By  on September 27, 2005

WASHINGTON — Millions of dollars in federal subsidies to cotton growers, exporters and textile mills hang in the balance as Congress grapples with a Bush administration proposal to eliminate a 14-year-old federal program ruled illegal by the World Trade Organization.

As the Senate and House agriculture committees consider the administration's proposal this fall, U.S. cotton growers, merchants and textile mills are assessing the potential financial hit they might take if Congress acts to comply with the WTO ruling and scrap the cotton subsidies.

"This is millions of dollars for certain mills that produce cotton yarns and cotton fabrics and it is a major issue," said Auggie Tantillo, executive director of the American Manufacturing Trade Action Coalition. "The cotton program as a whole is important for the entire production chain, and if there are going to be major revisions, it could definitely have a negative financial impact, especially from a mill perspective."
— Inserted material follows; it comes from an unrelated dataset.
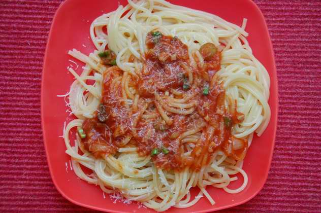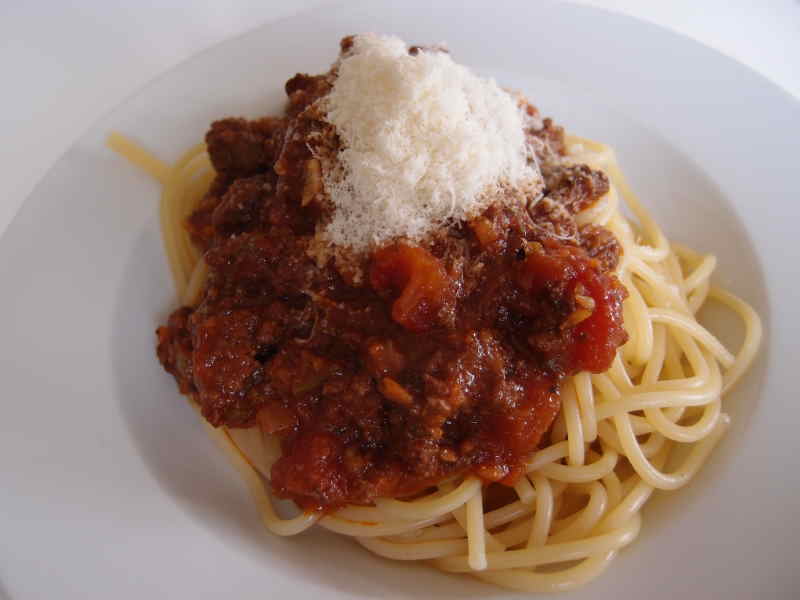 Spaghetti mit Tomaten-Knoblauch-Soße und Parmesan.
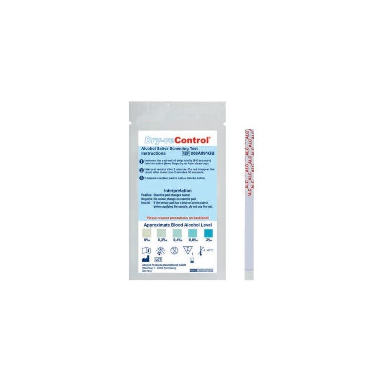 Alcootest salivaire, Dry-ve Control d'Ultimed est un test rapide, methode tres sensible pour detecter la presence d'alcool dans la salive et fournit une approximation de taux d'alcoolemie. Cet appareil de test montre un haut degre de sensibilite et peut detecter un 0,2 a 3 pour mille de concentration d'alcool dans la salive. Ce test fournit uniquement un ecran preliminaire. Un produit chimique alternatif plus specifique doit etre utilisee afin d'obtenir une confirmation resultat analytique. La consideration clinique et le jugement professionnel doivent etre appliques a tout test de depistage resultat, en particulier lorsque des tests positifs preliminaires sont indiques.

At risk are the U.S. "Step 2" payments, a crucial part of the farm program to cotton farmers, textile mills and exporters, that have amounted to $2.4 billion between 1995 and 2004, according to the Environmental Working Group, a consumer advocacy group opposing agriculture subsidies, based on figures from the U.S. Department of Agriculture. Each year, the amount of subsidies fluctuates based on a formula established by Congress that is intended to offset the higher price of U.S. cotton when the world cotton price average falls.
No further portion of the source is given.